Millman did not mention an implicit subsidy, but did list relative touring revenues from 2021, which put the ATP at £142 million and the WTA at £71 million.

By comparison, in 2021, ATP golf's cousin PGA generated £1.28bn in revenue while hosting events itself, while the tennis model involves leasing out franchises to third parties. The WTA's continued commitment to equal prize pools at major tournaments has placed a huge strain on its finances.

By signing a £64m four-year deal last year with new sponsor Hologic, the company immediately boosted its revenue with £40m up front to help with cash flow. It then sold 20% of its business activities to private equity firm CVC in March in exchange for another £120m of ready-made funds.

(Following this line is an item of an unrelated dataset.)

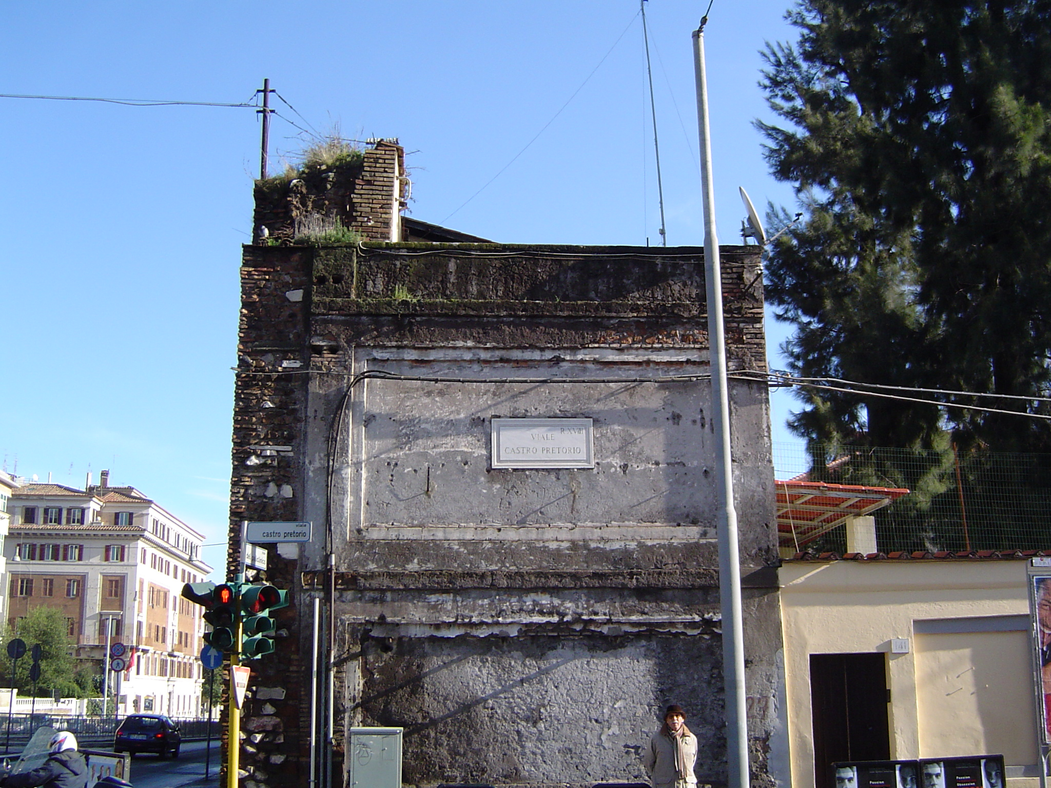 Castra Praetoria North Wall, Rome, Italy Made by Joris van Rooden, the Netherlands on 03-01-2006

The subsidy was especially helpful for the recent Mutua Madrid Open, which was accused of discriminating against female players in scheduling and other issues. Criticism would certainly have been much louder if it had been known that the tournament brought in less than £3m out of the £7m prize money received by the champion Arina Sobolenko and her rivals.

In recent weeks, prominent players such as Jessica Pegula (center) have been speaking out about prize inequality. Photo: Getty Images/Clive Brunskill

When tournaments involve prize money differences, they usually indicate market forces. The latest figures show that combo tournaments like Madrid are making almost 10 times more from ATP Media than from an equivalent WTA TV deal with Perform.

The four Grand Slams are an anomaly in that they do indeed pay out equal prize money, but one could argue that they are so wealthy that they can afford to be guided by principles rather than strict commercial logic. The WTA's commitment to equal prize pools exists only at major non-Grand Slam tournaments.

It has long been known that the amounts below the pyramid are unequal. A study by the Financial Times last year found that «the total prize money for the men's tour this year is 75% higher than the women's, the biggest gap since 2001.»

The picture is further complicated by the ATP bonus pool and profit sharing systems that offer £16 million to the top 30 players among other benefits. There are no analogues in the WTA Tour. Telegraph Sport asked the WTA to comment on these issues and received the following response:

“The WTA will always and will continue to strive for the equality that our athletes deserve and ultimately to achieve an equal level of remuneration at all levels of our tour. Millman's article and the thoughts you expressed about Madrid are wrong and accurate at the same time.

“The question of equal prizes is not about strategy, since both rounds have similar strategies. It's about the realities of the value the market pays for women's sports property rights versus men's sports property rights. As Mr. Millman pointed out, there is a significant difference in the amount of rights fees and sponsorship fees paid by the market for a similar set of rights.

“Unfortunately, this is true of all women's sports venues and is a direct result of the differences in reward levels that we see. It's time for the market to step up and support women's sports facilities to the level they deserve. Equal prize money events like Indian Wells, Miami, Madrid and Beijing deserve to be recognized and commended for their commitment.

«Despite the difference in allocation levels provided by the ATP and the WTA for these events, each of these events has taken on additional investment from these event-related ticket sales to ensure that all athletes are compensated at equally as they deserve. They should be celebrated, and with Rome's recent announcement that it will pay equal prize money by 2025, progress, though never fast enough, is being made.»